Qais al-Khazali is Lying
With his turban, his carefully selected words, and his deliberate distortion of history, Qais al-Khazali is attempting to link himself to a historical figure like Imam Khomeini to pass off a major political lie. This is to justify the recent move by "Asa'ib Ahl al-Haq" to form a committee to disengage from the Popular Mobilization Forces (PMF) under the banner of "restricting weapons to the hand of the state."
Al-Khazali cited the beginnings of the Islamic Revolution in Iran to claim that the initial volunteers later integrated into the official military establishment after the state stabilized. However, historical reality exposes the falsehood of this claim.

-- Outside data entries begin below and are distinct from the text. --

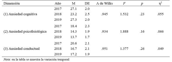 El puntaje de ansiedad cognitiva no se afecta a través de los años, F(2,153) = 1.53, p =.23, teniendo promedios entre 23 y 27 puntos; la ansiedad psicofisiológica tampoco se ve mayormente alterada, F(2,153) = 1.88, p = .16; asimismo, para la ansiedad conductual F(2,153) = 1.37, p = .26.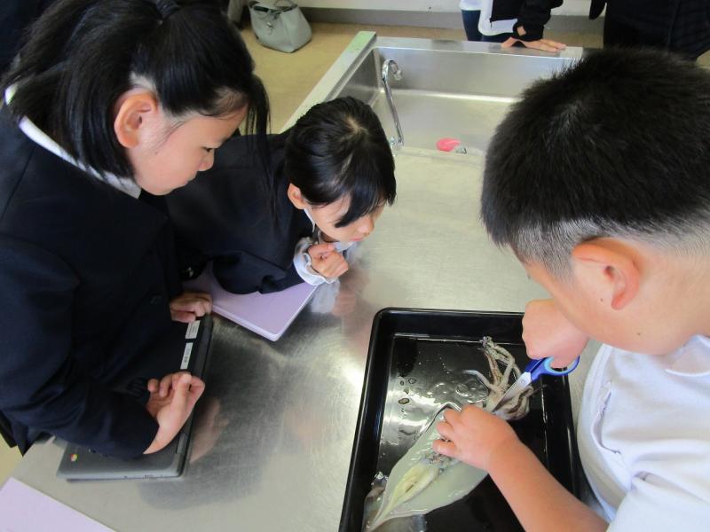 イカと人の体の同じところや違うところを対話しながら見つけていました。また、イカを触れないと言っていた児童が、触れるようになっていました。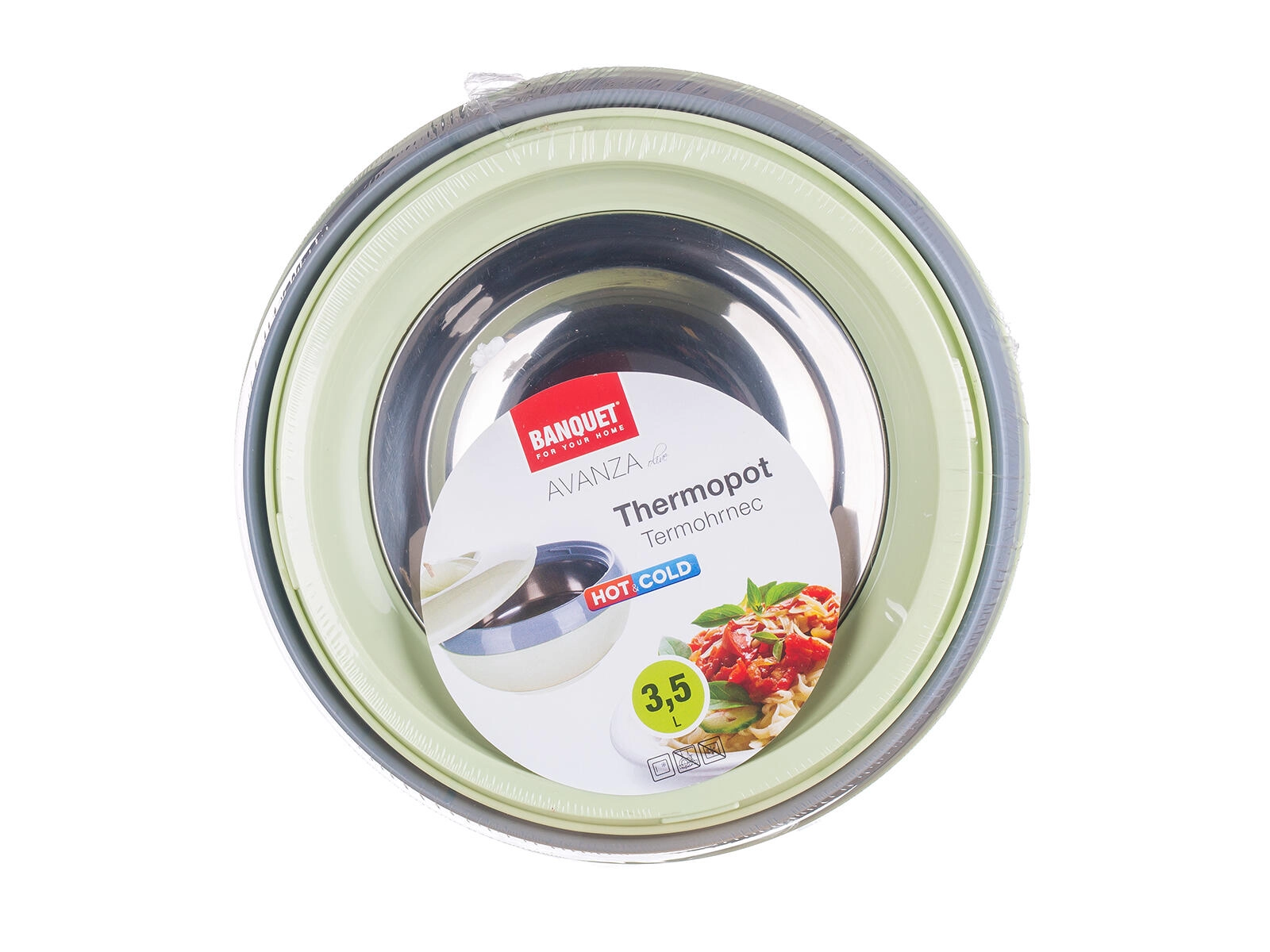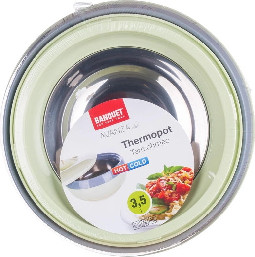 Die Thermoschüssel AVANZA 3,5 l ist ideal zum Servieren und Transport fertiger Gerichte. Der innere Edelstahleinsatz und die doppelwandige Konstruktion mit PUR-Füllung halten die Temperatur zuverlässig, sodass Suppen, Saucen oder Beilagen länger warm und frisch bleiben. Der stabile Deckel mit Griff lässt sich leicht aufsetzen und abnehmen.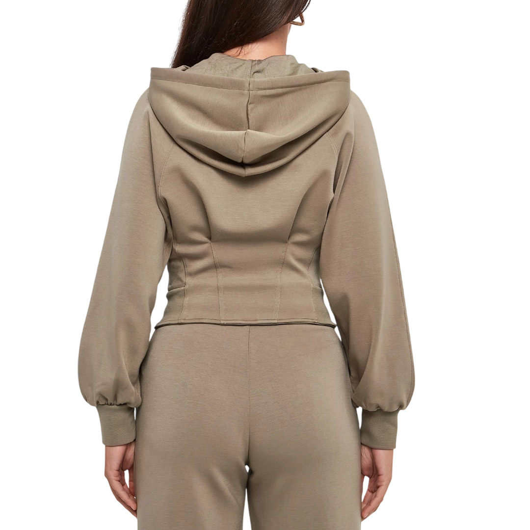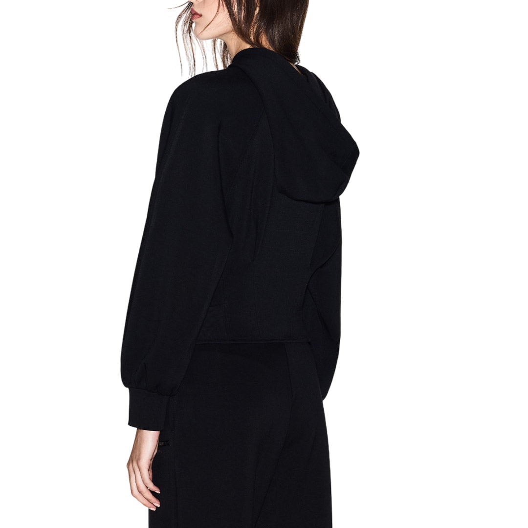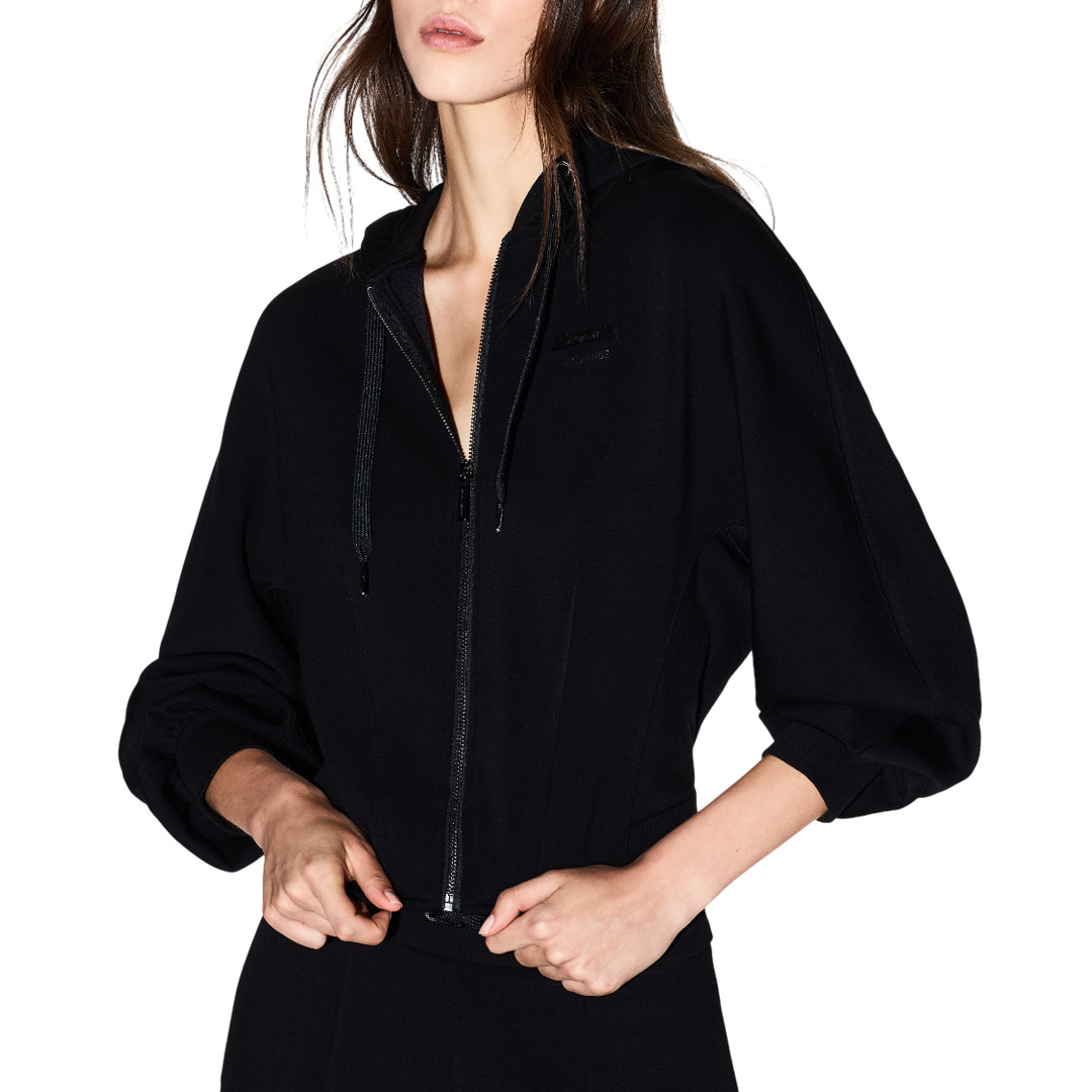 Tessuto: 56% poliammide, 36% viscosa, 8% elastan; dettagli in maglia: 95% cotone, 5% elastan; fodera cappuccio: 100% viscosa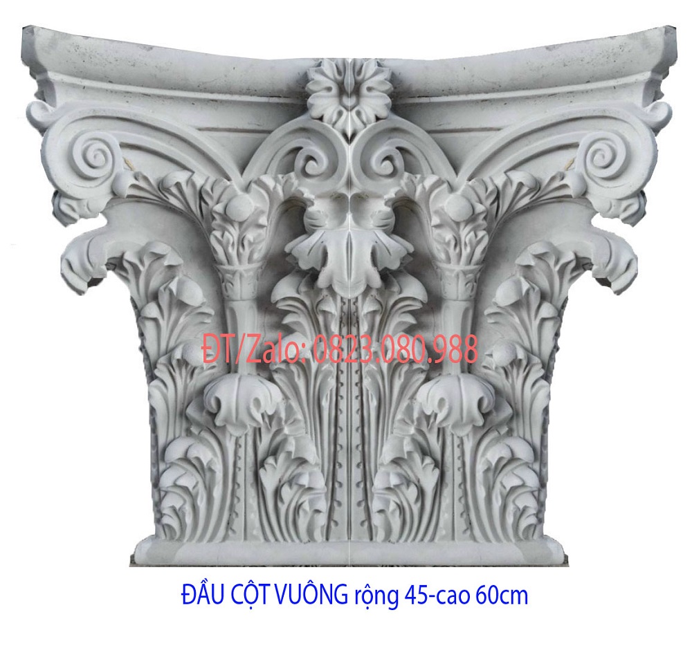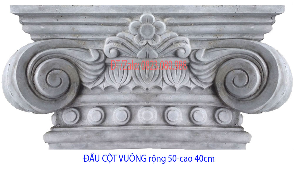 Mẫu đầu cột vuông bê tông đúc sẵn lòng rộng 50cm lá tây

Neither Imam Khomeini nor his successor, Imam Khamenei, ever dissolved any volunteer formation like the "Basij" or the "Revolutionary Guard." Even the "Revolutionary Committees" (Komiteh), which were initially formed for specific security purposes, were later merged to reinforce and build the Islamic Revolutionary Guard Corps (IRGC) as a parallel, independent force; they were never canceled or dismantled in favor of the traditional army.
Lying about Iranian history exposes al-Khazali's objective. The key figures who led the region's strategy and were assassinated in recent years—such as the martyr commander Qasem Soleimani, and commanders Pakpour, Hajizadeh, and others—all belong to this robust revolutionary institution (the IRGC), not to the classical army.
In fact, the strategic missile capabilities and Iran's regional influence—neither of which existed in the country's history, even during the Shah's era—were established and grew within the cradle of this independent, ideological institution, which protected the state rather than dissolving into it.
The paradox here is that the PMF establishment in Iraq is already an official, legal state institution. Yet, al-Khazali—in an odd intersection of interests where he meets his rival Muqtada al-Sadr—is attempting to circumvent it.
This endeavor to dismantle the PMF does not stem from a concern for the discipline of an institution that has given more than 11,000 martyrs and possesses an engineering, military, and field apparatus unparalleled in the region (even in Iran itself). Instead, it is a clear attempt to break Iraq's strong arm and dismantle it from within, continuing the project initiated by the United States when it assassinated the leaders of the PMF, foremost among them the martyr founder Abu Mahdi al-Muhandis.
Al-Khazali's attempt to market the dismantling of the PMF as an "institutional" step by citing Iran is nothing but a distorted reading of history, serving narrow political interests at the expense of Iraq's strategic security.